Notwithstanding this man was held in very unequal estimation among the Hurons, some believing implicitly in his power, and others deeming him an impostor, he was now listened to by all with the deepest attention. When his brief story was ended, the father of the sick woman stepped forth, and, in a few pithy expression, related, in his turn, what he knew. These two narratives gave a proper direction to the subsequent inquiries, which were now made with the characteristic cunning of savages.
Instead of rushing in a confused and disorderly throng to the cavern, ten of the wisest and firmest among the chiefs were selected to prosecute the investigation. As no time was to be lost, the instant the choice was made the individuals appointed rose in a body and left the place without speaking. On reaching the entrance, the younger men in advance made way for their seniors; and the whole proceeded along the low, dark gallery, with the firmness of warriors ready to devote themselves to the public good, though, at the same time, secretly doubting the nature of the power with which they were about to contend.
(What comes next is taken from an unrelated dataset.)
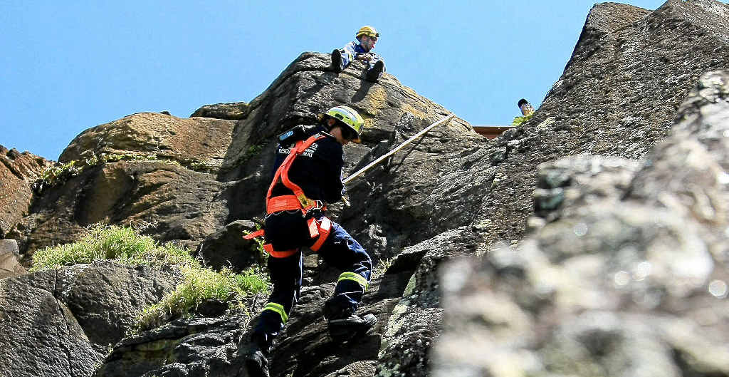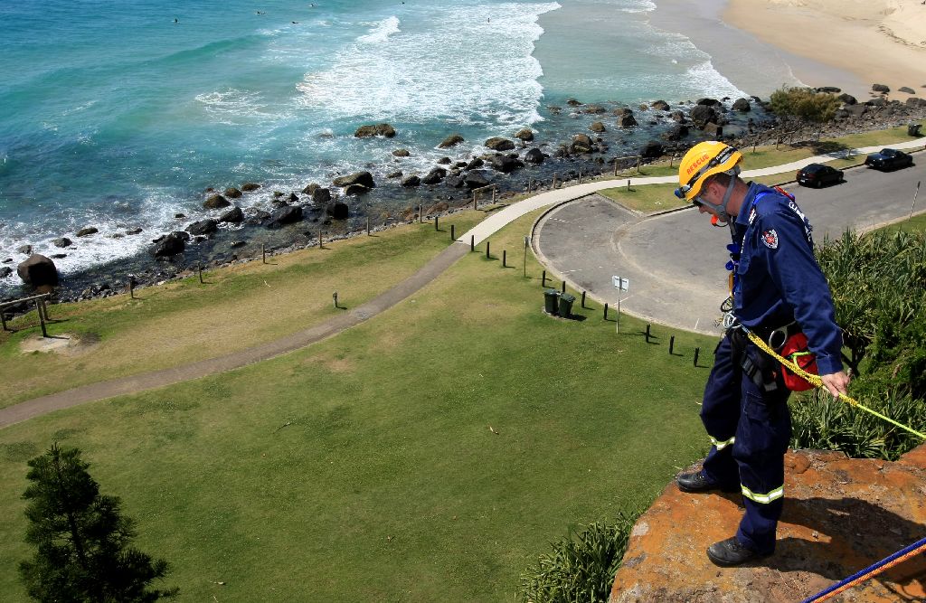 TWEED Heads firefighters dangled over Point Danger yesterday as part of a training exercise to upgrade their rescue capabilities.

The outer apartment of the cavern was silent and gloomy. The woman lay in her usual place and posture, though there were those present who affirmed they had seen her borne to the woods by the supposed "medicine of the white men." Such a direct and palpable contradiction of the tale related by the father caused all eyes to be turned on him. Chafed by the silent imputation, and inwardly troubled by so unaccountable a circumstance, the chief advanced to the side of the bed, and, stooping, cast an incredulous look at the features, as if distrusting their reality. His daughter was dead.